O Aeroporto Internacional de Florianópolis entrou em maio de 2026 como principal porta de entrada aérea de Santa Catarina, após concentrar mais da metade do fluxo doméstico estadual e toda a operação internacional registrada no primeiro bimestre.
Os números divulgados pelo governo catarinense mostram avanço relevante do terminal em passageiros e cargas, reforçando o peso da capital no turismo e nos negócios regionais.
No curto prazo, esse desempenho ocorre enquanto a cidade atravessa um começo de maio com chuva frequente e queda de temperatura, cenário que exige atenção extra de viajantes e operadores.
Liderança do terminal no estado ganha escala em 2026
Segundo a Secretaria de Portos, Aeroportos e Ferrovias, Santa Catarina somou mais de 1,7 milhão de passageiros em janeiro e fevereiro.
Na mesma base, o crescimento estadual foi de 12,39% sobre o primeiro bimestre de 2025, acima da média nacional informada pelo próprio balanço oficial.
Florianópolis respondeu por 675,9 mil passageiros domésticos, o equivalente a 53,88% desse fluxo dentro do estado.
Além disso, o terminal da capital concentrou 531,1 mil passageiros internacionais, mantendo sozinho toda a movimentação externa contabilizada em Santa Catarina no período.
- Passageiros domésticos em Florianópolis: 675,9 mil
- Participação no fluxo doméstico estadual: 53,88%
- Passageiros internacionais: 531,1 mil
- Cargas movimentadas no terminal: 2,4 mil toneladas

Movimento de cargas amplia peso econômico da capital
O mesmo levantamento aponta 3,6 mil toneladas de cargas nos aeroportos catarinenses no bimestre, entre operações domésticas e internacionais.
Desse total, Florianópolis respondeu por 2,4 mil toneladas, com 1,24 mil toneladas domésticas e 1,18 mil internacionais.
Na prática, isso coloca o aeroporto da capital como eixo logístico aéreo mais relevante do estado também no transporte de mercadorias.
O desempenho reforça uma tendência já observada no verão, quando a Polícia Federal informou expectativa de alta circulação de passageiros no terminal internacional da cidade.
- Mais voos significam maior circulação de turistas
- Mais carga aérea acelera cadeias de comércio e serviços
- Maior fluxo pressiona acesso urbano e operação terrestre
- O terminal amplia a centralidade econômica de Florianópolis
Chuva no início de maio adiciona pressão operacional
No momento em que o aeroporto mantém esse protagonismo, Florianópolis atravessa uma semana de chuvas em praticamente todos os dias entre 27 de abril e 3 de maio.
A previsão citada pela CNN Brasil indicou máximas entre 20°C e 26°C e mínima de 14°C no domingo, 3 de maio.
No sábado, 2 de maio, o volume previsto chegava a 12,42 mm, o maior da semana, com umidade elevada e persistência de instabilidade.
Embora chuva não signifique automaticamente atraso ou cancelamento, o cenário costuma exigir monitoramento de companhia aérea, bagagem e deslocamento até o terminal.
- Confirmar o status do voo antes de sair de casa
- Sair com antecedência maior por causa do trânsito
- Revisar documentos para embarques nacionais e internacionais
- Checar regras da companhia para remarcação e assistência
UFSC amplia assistência estudantil e ajuda a explicar demanda
Outro vetor de circulação em Florianópolis vem da rotina universitária.
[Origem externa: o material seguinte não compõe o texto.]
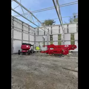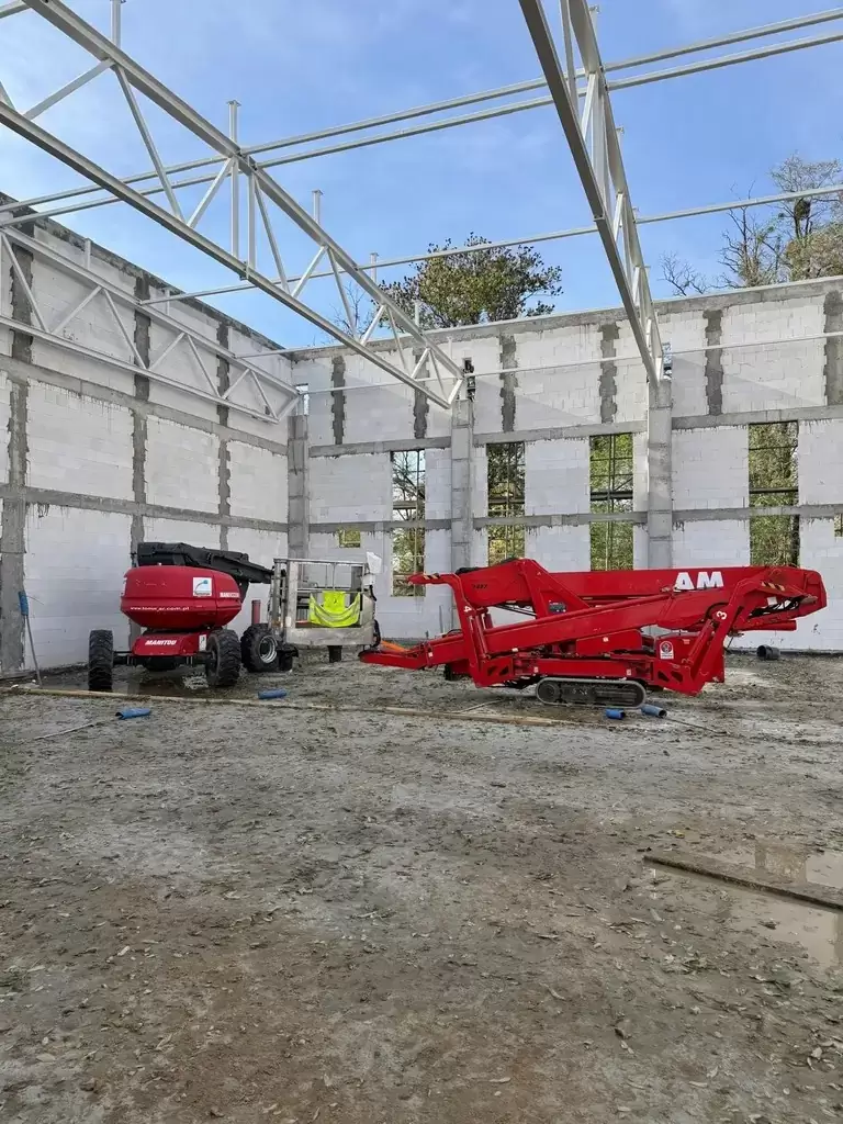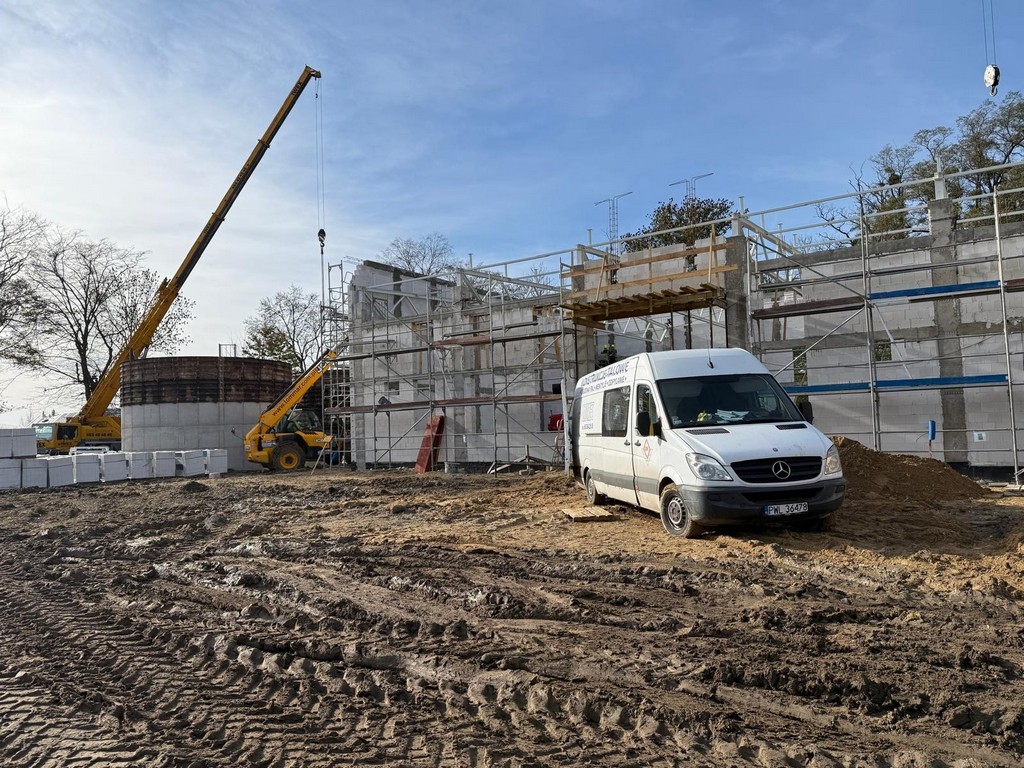 Trwają intensywne prace przy budowie zbiorników wody czystej i surowej. W budynku wykonano już instalacje podposadzkowe w części administracyjnej i technologicznej, a obecnie trwa wznoszenie ścian oraz montaż kratownicy pod konstrukcję dachu.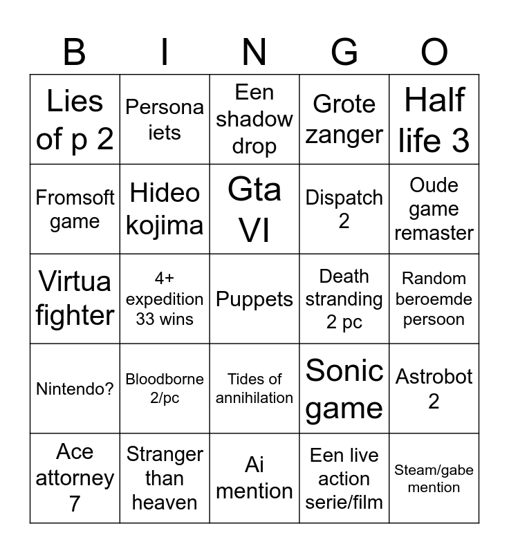 This bingo card has a free space and 24 words: Bloodborne 2/pc, Stranger than heaven, Gta VI, Ace attorney 7, Half life 3, Lies of p 2, Fromsoft game, Persona iets, Death stranding 2 pc, Tides of annihilation, Dispatch 2, Virtua fighter, Sonic game, Astrobot 2, Hideo kojima, Een live action serie/film, Random beroemde persoon, Een shadow drop, Oude game remaster, 4+ expedition 33 wins, Steam/gabe mention, Nintendo?, Grote zanger and Ai mention.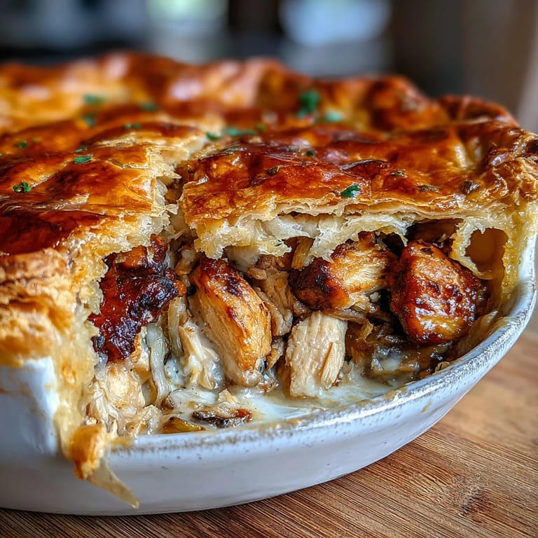 Save to Pinterest This Chicken and Leek Pie is an elevated take on the classic chicken pot pie, featuring tender chicken, sautéed leeks, and smoky bacon in a luscious creamy sauce. Encased in a golden, flaky pastry, it represents the ultimate comfort food for cozy evenings at home.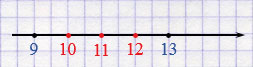 На координатной прямой отметьте числа, координаты которых больше 9 и меньше 13.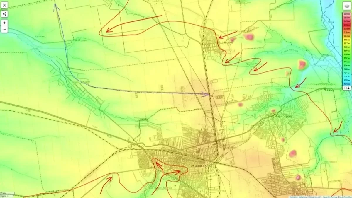 В самом Покровске сохраняется локальное присутствие обеих сторон - ни у ВС РФ, ни у ВСУ нет ресурсов для полного штурма или обороны города. По словам Подоляки, ситуация характеризуется как «винегрет», где активна борьба за дороги снабжения и коммуникации.

A UFSC mantém programas de permanência que sustentam o fluxo contínuo de estudantes entre campi e a capital.
Na página da Pró-Reitoria de Permanência e Assuntos Estudantis, a universidade informa que houve prorrogação de cadastros da assistência estudantil com vencimento em abril e maio de 2026.
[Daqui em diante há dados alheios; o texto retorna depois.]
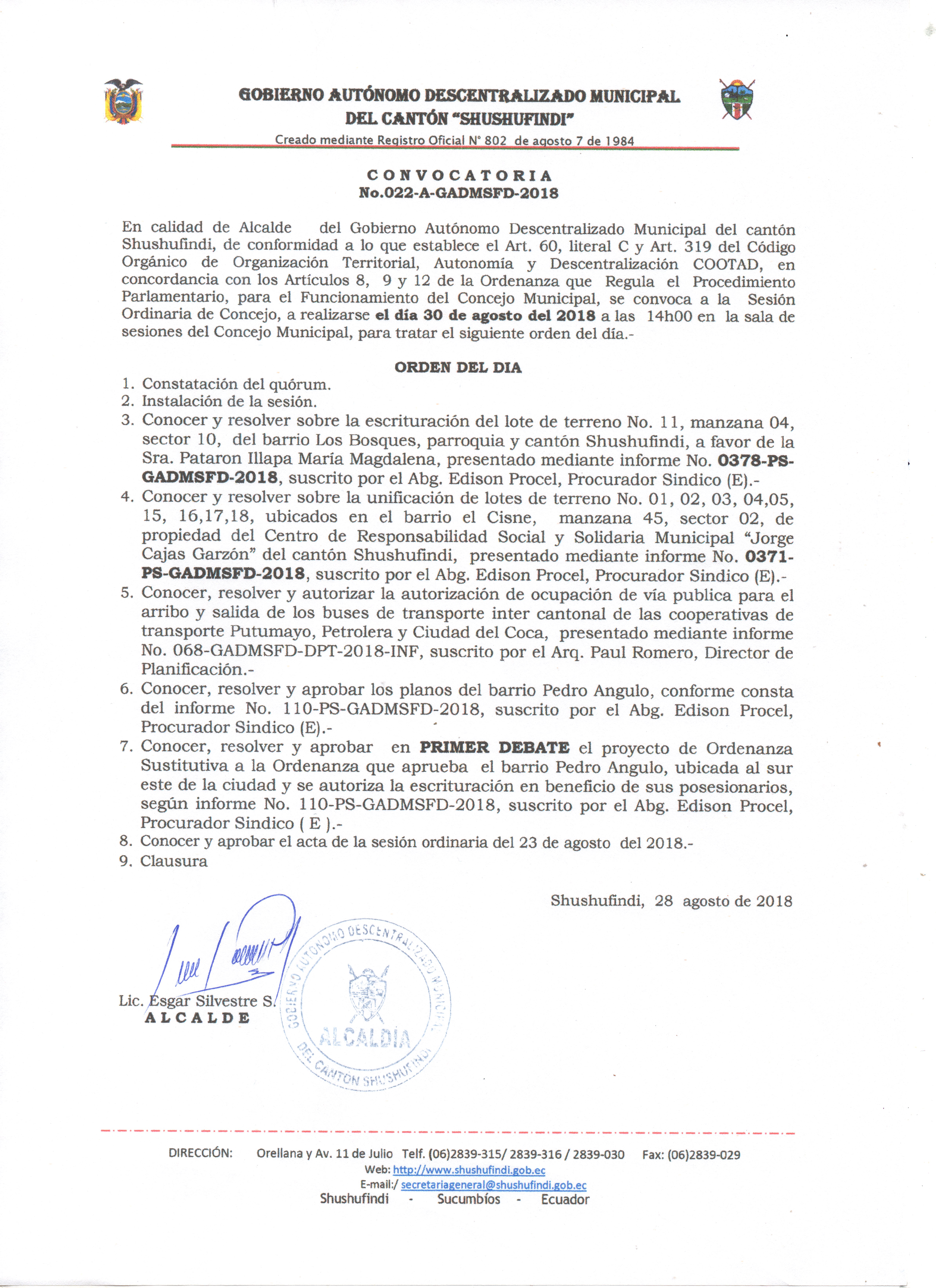 NOTICIAS SESIÓN ORDINARIA DEL CONCEJO MUNICIPAL agosto 28, 2018 Posted by DANNY ALCIVAR MONAR 28 Ago Jueves 30 de agosto de 2018. 14:00 Sala de sesiones del GAD MUNICIPAL Lic. Esgar Silvestre ALCALDE DESCARGAR INVITACIÓN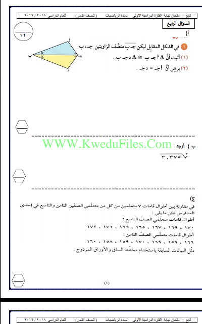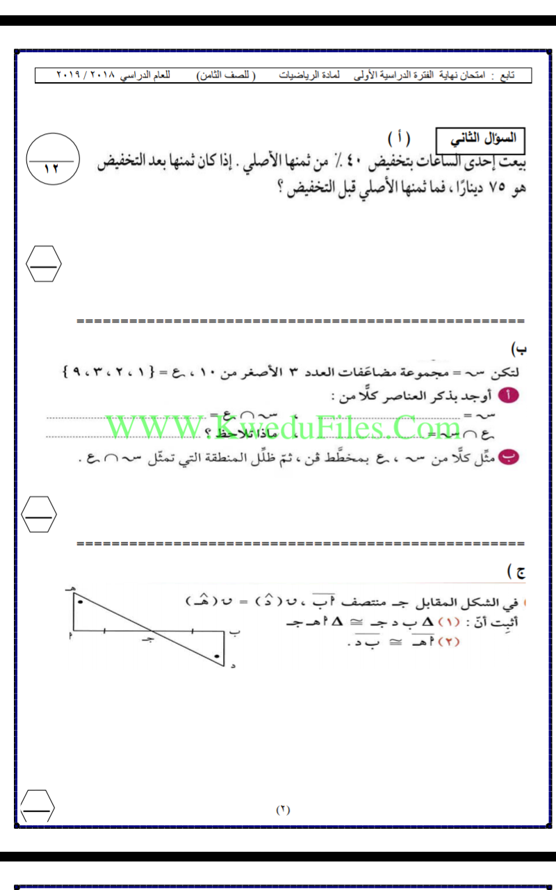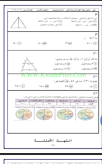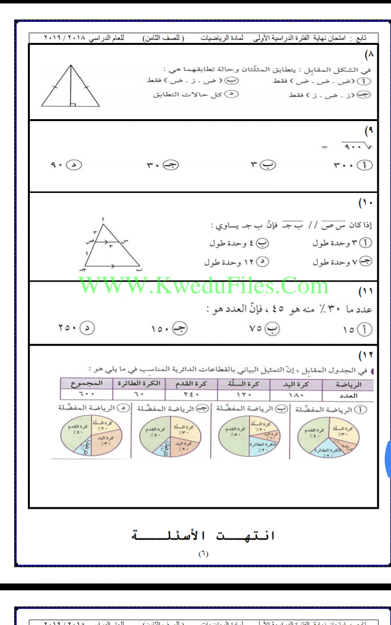 معلومات الملف: 8اوراق في مادة الرياضيات للصف الثامن للكورس الاول تتضمن نموذج اختبار لعام 2018_2019 | ||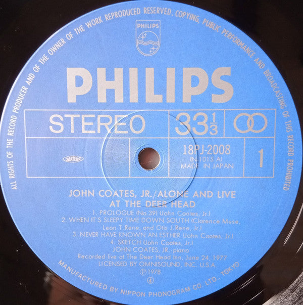 John Coates, Jr - Alone And Live At The Deer Head (LP, Album) - Very Good Plus (VG+) / Good Plus (G+)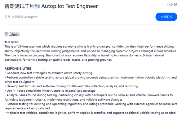 更早之前,特斯拉上海曾招聘过“智驾功能安全测试师”岗位,需要合作开发和验证Autopilot性能,也要求跟踪国内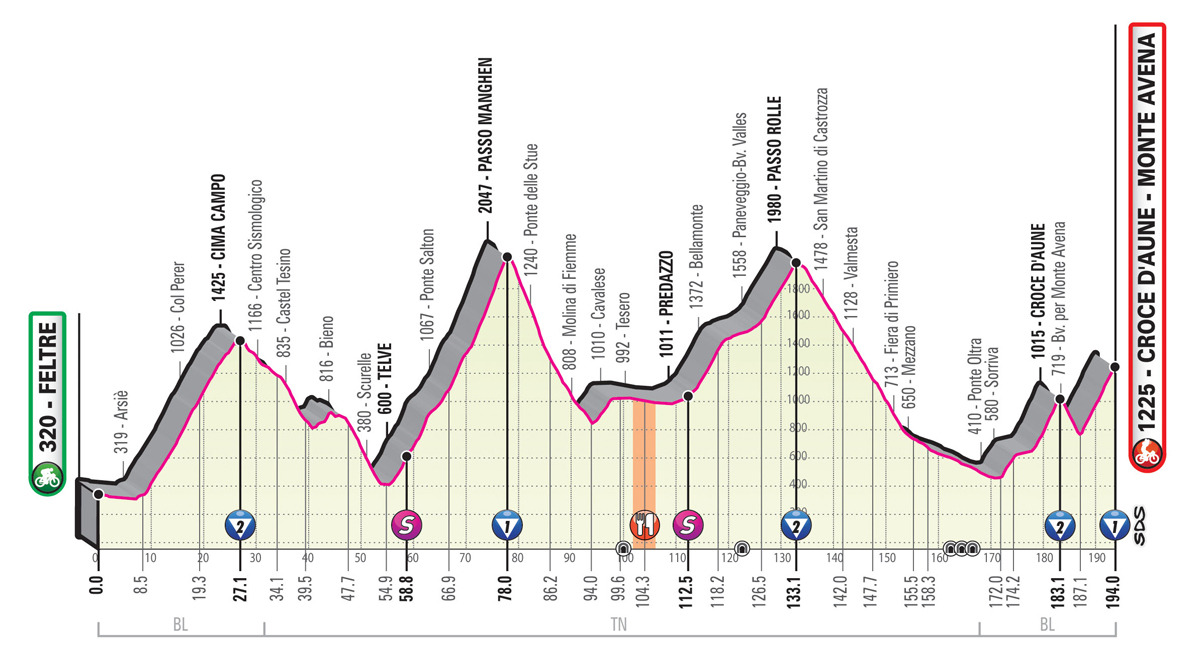 A colossal stage through the Dolomites, with 5 long consecutive climbs alternating with milder or flat stretches. Setting off in Feltre, the stage encounters the first ascents in Arsiè. After cresting the Cima Campo climb (18 km), the route descends all the way to Castel Tesino and Scurelle. Next on the route, the ascent to Passo Manghen amounts to 24 km (including both the false flat and the actual climb), with nearly 2,000 m in vertical altitude gain. A fast-running descent leads through Molina di Fiemme, Cavalese, Tesero and Predazzo, all the way to Passo Rolle. The climb, although not forbidding, is over 20 km long, and precedes the final ascent to Croce d’Aune-Monte Avena. The final part, composed of two consecutive climbs, amounts to nearly 20 km. Over the last 6 km of the Croce d’Aune climb, gradients never drop below 10%, and even top out at 16%. The route descends briefly after Croce d’Aune, and then bounces back to sharp uphill gradients over the last 7 km.

O portal também reúne normas para benefícios e isenção de refeições do Restaurante Universitário em Florianópolis e outros campi federais catarinenses.
Esse ambiente acadêmico, somado ao turismo e à presença crescente de voos internacionais, ajuda a explicar por que a capital concentra deslocamentos durante praticamente todo o ano.
O que muda para Florianópolis a partir desses números
O dado mais relevante não é apenas o recorde estadual. É o fato de Florianópolis concentrar, ao mesmo tempo, turismo internacional, viagens domésticas e carga aérea em escala superior aos demais terminais catarinenses.
Isso amplia a pressão sobre mobilidade urbana, acessos viários, transporte por aplicativo, táxis, hotelaria e serviços ligados ao aeroporto.
Também fortalece o argumento de que a capital deixou de depender apenas da alta temporada e passou a operar como plataforma permanente de conexão regional.
Se a trajetória do primeiro bimestre se mantiver ao longo de 2026, Florianópolis tende a consolidar ainda mais sua posição estratégica no mapa aéreo do Sul do Brasil.